Del buen suceso que el valeroso don Quijote tuvo
en la espantable y jamás imaginada aventura de los molinos de viento, con
otros sucesos dignos de felice recordación
En esto, descubrieron treinta o cuarenta molinos de viento que hay en aquel campo,
y así como don Quijote los vio, dijo a su escudero:
-La ventura va guiando nuestras cosas mejor de lo que acertáramos a desear;
porque ves allí, amigo Sancho Panza, donde se descubren treinta o pocos más
desaforados gigantes, con quien pienso hacer batalla y quitarles a todos las vidas,
con cuyos despojos comenzaremos a enriquecer, que esta es buena guerra, y es gran
servicio de Dios quitar tan mala simiente de sobre la faz de la tierra.
-¿Qué gigantes? -dijo Sancho Panza.
-Aquellos que allí ves -respondió su amo-, de los brazos largos, que
los suelen tener algunos de casi dos leguas.
-Mire vuestra merced -respondió Sancho- que aquellos que allí se parecen
no son gigantes, sino molinos de viento, y lo que en ellos parecen brazos son las
aspas, que, volteadas del viento, hacen andar la piedra del molino.
-Bien parece -respondió don Quijote- que no estás cursado en esto de
las aventuras: ellos son gigantes; y si tienes miedo quítate de ahí,
y ponte en oración en el espacio que yo voy a entrar con ellos en fiera y
desigual batalla.
Y, diciendo esto, dio de espuelas a su caballo Rocinante, sin atender a las voces
que su escudero Sancho le daba, advirtiéndole que sin duda alguna eran molinos
de viento, y no gigantes, aquellos que iba a acometer. Pero él iba tan puesto
en que eran gigantes, que ni oía las voces de su escudero Sancho, ni echaba
de ver, aunque estaba ya bien cerca, lo que eran, antes iba diciendo en voces altas:
-Non fuyades, cobardes y viles criaturas, que un solo caballero es el que os acomete.

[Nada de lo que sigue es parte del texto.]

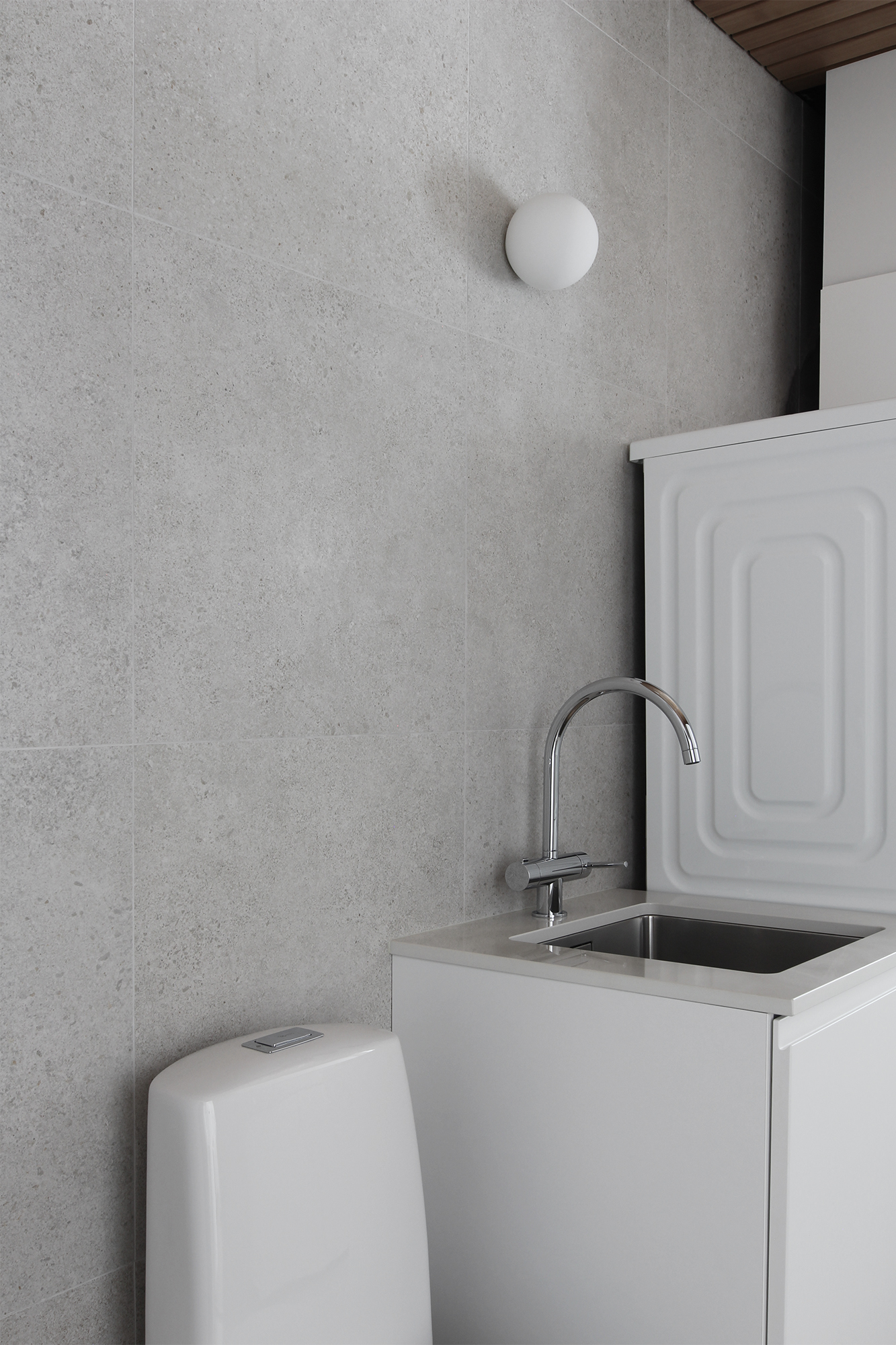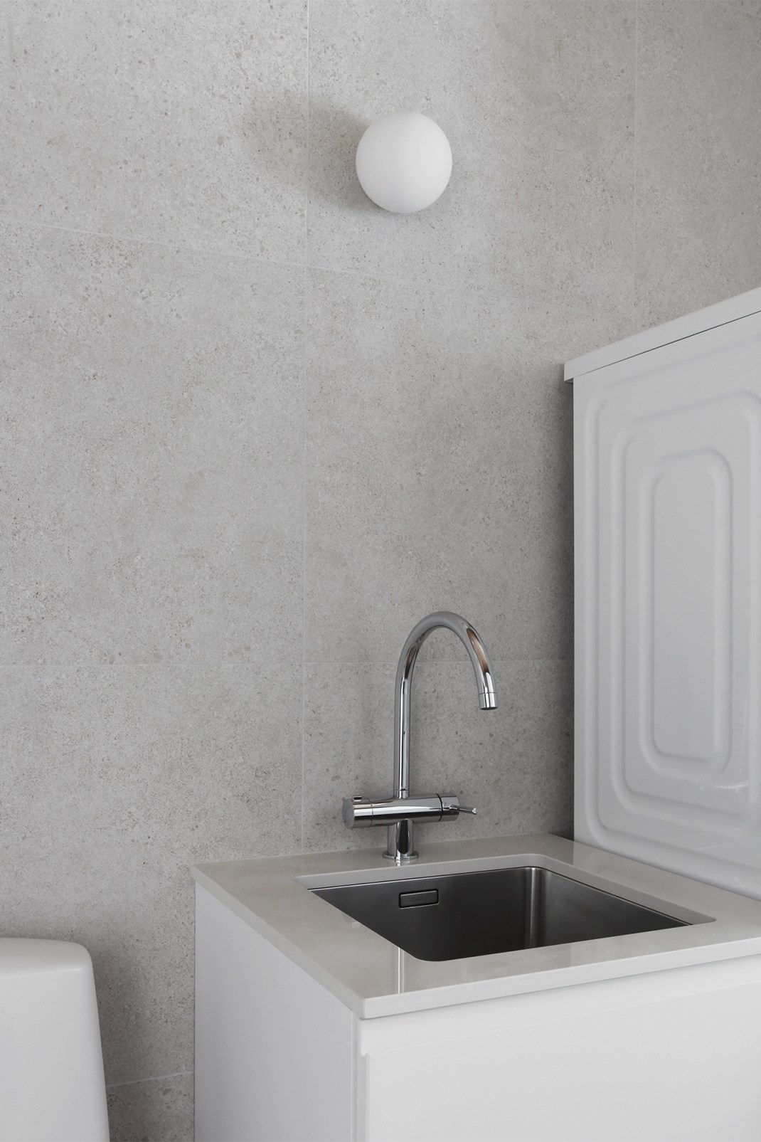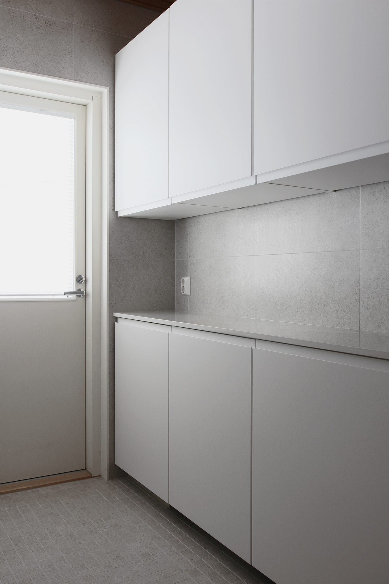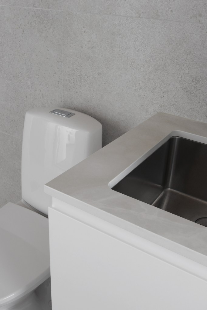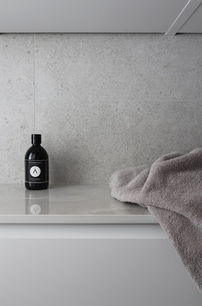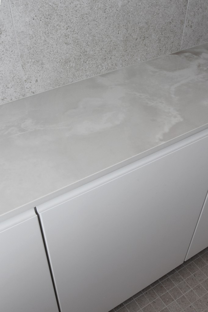 Dekton on erittäin kestävä materiaali. Se on valmistettu luonnon mineraaleista ja sen vedenimukyky on lähes nolla, joten se sopii loistavasti kylpyhuoneeseen. Dekton on tosi arvokas materiaali, mutta koska tila tai tasojen koko ei ollut kovinkaan suuri, mahtui se hyvin omaan budjettiini. Olin ihan fiiliksissä, miten nopeasti ja helposti sopiva materiaali löytyikään, hieman jopa sattumalta. Nyt saan ripauksen luksusta kodinhoitohuoneeseen.
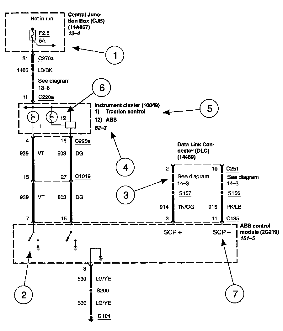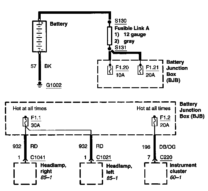 Each set normally starts with the component that powers the circuit, such as a fuse or the ignition switch. Current flow is shown from the power source at the top of the diagram to ground at the bottom of the diagram. A full representation of the power supply of a fuse or the power distribution from a fuse to various components is given in the Power and Ground Distribution Diagrams. Full representation of the ground connections are shown in the Power and Ground Distribution Diagrams.
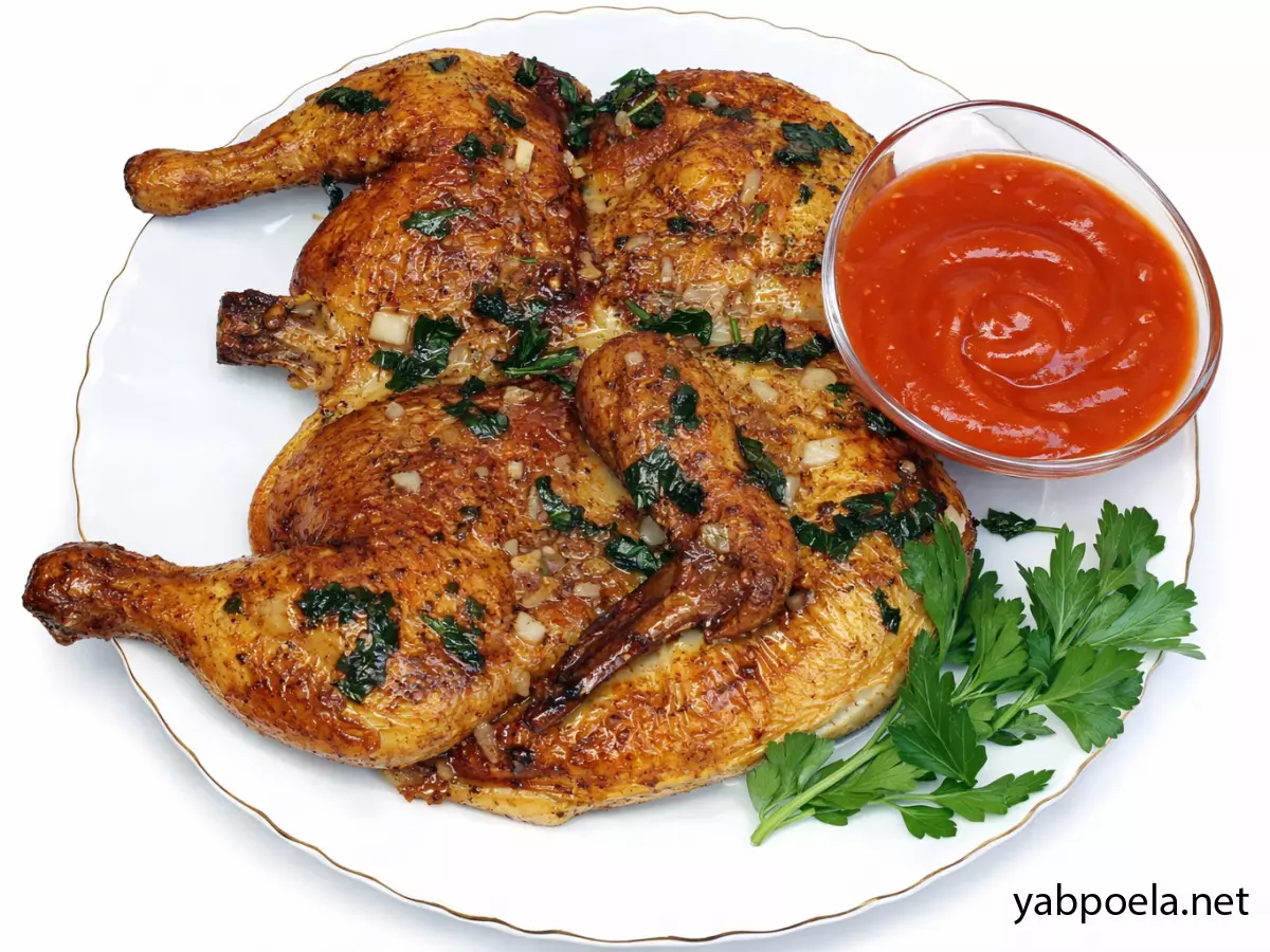 Минимум ингредиентов, простая техника и великолепный результат. Главный секрет этого рецепта — правильная подготовка тушки (перебивание суставов) и использование гнета при жарке. А финальный штрих с чесноком превращает просто жареную курицу в кулинарный шедевр.
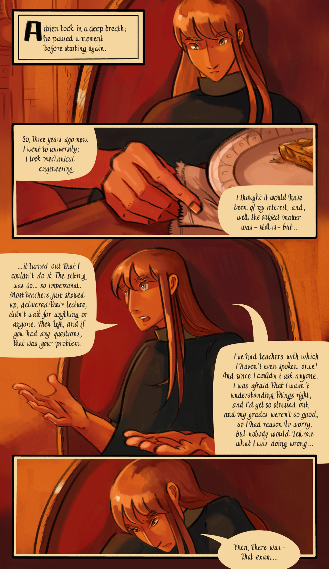 Adrien took in a deep breath; he paused a moment before starting again. His fingers went to play with the embroidered hem of the napkin. "So, three years ago now, I went to university; I took mechanical engineering. I thought it would have been of my interest, and, well, the subject matter was -- still is -- but... it turned out that I couldn't do it. The setting was so... so impersonal. Most teachers just showed up, delivered their lecture, didn't wait for anything or anyone, then left, and if you had any questions, that was your problem. I've had teachers with which I haven't even spoken once! And since I couldn't ask anyone, I was afraid that I wasn't understanding things right, and I'd get so stressed out, and my grades weren't so good, so I had reason to worry, but nobody would tell me what I was doing wrong!... Then, there was -- that exam...".
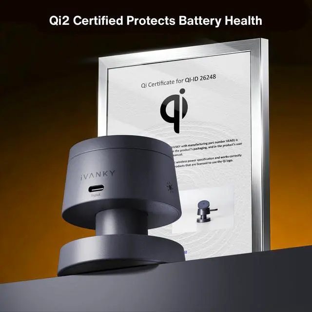 iVANKY 15W Qi2 Certified MagSafe Charger Stand for iPhone 17 with Night Light, 3 in 1 for Wireless Charging Station for iPhone 16/15/14/13/12 Pro/Max/Plus/Air Apple iWatch Airpods (No AC Adapter)

Levantóse en esto un poco de viento, y las grandes aspas comenzaron a moverse,
lo cual visto por don Quijote, dijo:
-Pues aunque mováis más brazos que los del gigante Briareo, me lo habéis
de pagar.
Y en diciendo esto, y encomendándose de todo corazón a su señora
Dulcinea, pidiéndole que en tal trance le socorriese, bien cubierto de su
rodela, con la lanza en el ristre, arremetió a todo el galope de Rocinante
y embistió con el primero molino que estaba delante; y dándole una
lanzada en el aspa, la volvió el viento con tanta furia, que hizo la lanza
pedazos, llevándose tras sí al caballo y al caballero, que fue rodando
muy maltrecho por el campo. Acudió Sancho Panza a socorrerle, a todo el correr
de su asno, y cuando llegó halló que no se podía menear: tal
fue el golpe que dio con él Rocinante.
-¡Válame Dios! -dijo Sancho-. ¿No le dije yo a vuestra merced
que mirase bien lo que hacía, que no eran sino molinos de viento, y no lo
podía ignorar sino quien llevase otros tales en la cabeza?
-Calla, amigo Sancho -respondió don Quijote-, que las cosas de la guerra más
que otras están sujetas a continua mudanza; cuanto más, que yo pienso,
y es así verdad, que aquel sabio Frestón que me robó el aposento
y los libros ha vuelto estos gigantes en molinos, por quitarme la gloria de su vencimiento:
tal es la enemistad que me tiene; mas al cabo al cabo han de poder poco sus malas
artes contra la bondad de mi espada.
-Dios lo haga como puede -respondió Sancho Panza.
Y, ayudándole a levantar, tornó a subir sobre Rocinante, que medio
despaldado estaba. Y, hablando en la pasada aventura, siguieron el camino del Puerto
Lápice, porque allí decía don Quijote que no era posible dejar
de hallarse muchas y diversas aventuras, por ser lugar muy pasajero; sino que iba
muy pesaroso, por haberle faltado la lanza; y diciéndoselo a su escudero,
le dijo:
-Yo me acuerdo haber leído que un caballero español llamado Diego Pérez
de Vargas, habiéndosele en una batalla roto la espada, desgajó de una
encina un pesado ramo o tronco, y con él hizo tales cosas aquel día
y machacó tantos moros, que le quedó por sobrenombre «Machuca»,
y así él como sus decendientes se llamaron desde aquel día en
adelante «Vargas y Machuca». Hete dicho esto porque de la primera encina
o roble que se me depare pienso desgajar otro tronco, tal y tan bueno como aquel
que me imagino; y pienso hacer con él tales hazañas, que tú
te tengas por bien afortunado de haber merecido venir a vellas y a ser testigo de
cosas que apenas podrán ser creídas.
-A la mano de Dios -dijo Sancho-. Yo lo creo todo así como vuestra merced
lo dice; pero enderécese un poco, que parece que va de medio lado, y debe
de ser del molimiento de la caída.
-Así es la verdad -respondió don Quijote-, y si no me quejo del dolor,
es porque no es dado a los caballeros andantes quejarse de herida alguna, aunque
se le salgan las tripas por ella.
-Si eso es así, no tengo yo que replicar -respondió Sancho-; pero sabe
Dios si yo me holgara que vuestra merced se quejara cuando alguna cosa le doliera.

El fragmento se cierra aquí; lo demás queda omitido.